Bishop's University
- Former name: The University of Bishop's College
- Motto: Recti cultus pectora roborant (Latin)
- Motto in English: Righteous ways makes strong the heart
- Type: Liberal arts college
- Established: 1843; 183 years ago
- Academic affiliations: AUCC, IAU, QSSF, CBIE, CUP, Maple League of Universities
- Endowment: C$ 74.593 million (2023)
- Chancellor: Daniel Fournier
- Vice-Chancellor: Sébastien Lebel-Grenier
- Principal: Sébastien Lebel-Grenier
- Faculty: 115
- Students: 2,867
- Undergraduates: 2,340 full-time students 219 part-time students
- Location: Sherbrooke, Quebec, Canada 45°22′0.16″N 71°50′43.67″W﻿ / ﻿45.3667111°N 71.8454639°W
- Campus: 550; Rural, 220 ha (550 acres);
- Colours: Purple and silver
- Nickname: Bishop's Gaiters
- Mascot: Alligator
- Website: ubishops.ca

= Bishop's University =

University in Sherbrooke, Quebec, Canada

Bishop's University (Université Bishop's) is a small English-language liberal arts university in Lennoxville, a borough of Sherbrooke, Quebec, Canada.
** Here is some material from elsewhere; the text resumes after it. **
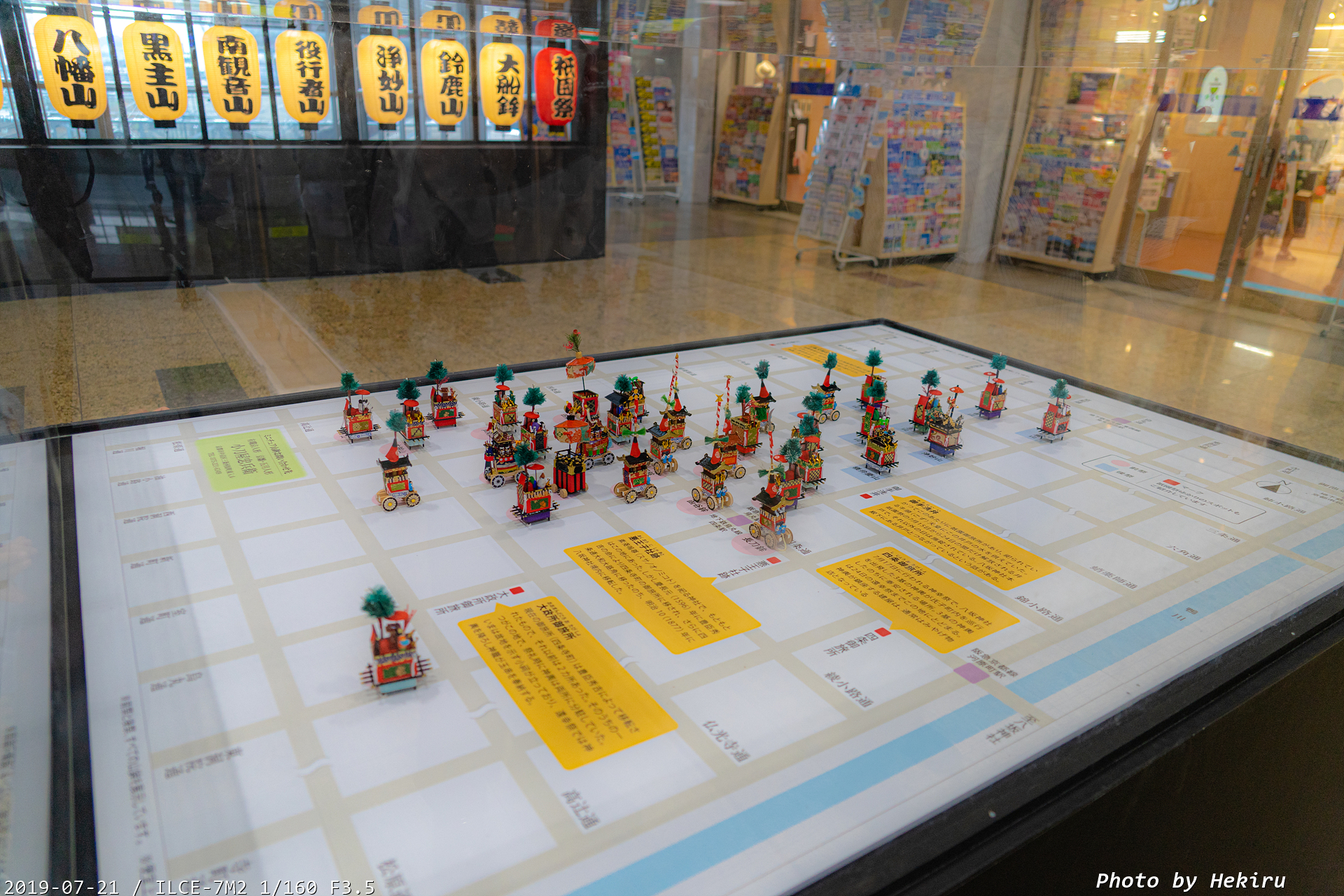 기온마츠리[祇園祭] 기온마츠리의 주요 볼거리인 야마보코 순행의 야마보코 미니어처와 그 위치를 전시해둔것을 보았다.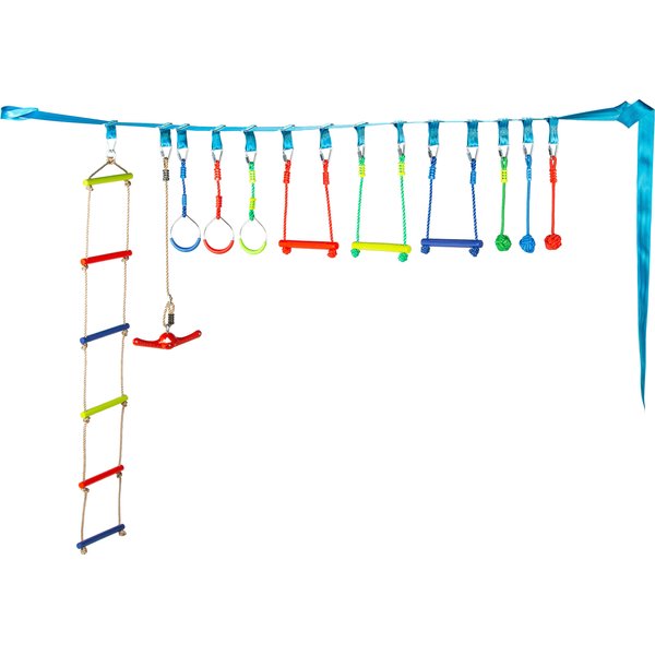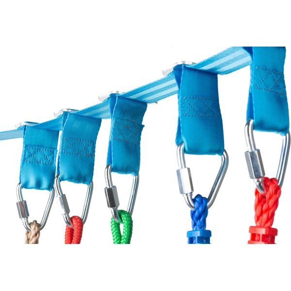 - w zestawie: lima 15m, 2 taśmy 2m, drabinka, huśtawka, 3 pojedyncze drabinki, 3 obręcze, 3 krótkie linki, zapięcie typu klamra japońska, worek

The founder of the institution was the Anglican Bishop of Quebec, George Mountain, who also served as the first principal of McGill University. It is one of three universities in the province of Quebec that teach primarily in English, with the others being McGill University and Concordia University, both in Montreal. It began its foundation by absorbing the Lennoxville Classical School as Bishop's College School in the 1840s. The college was formally founded in 1843 and received a royal charter from Queen Victoria in 1853.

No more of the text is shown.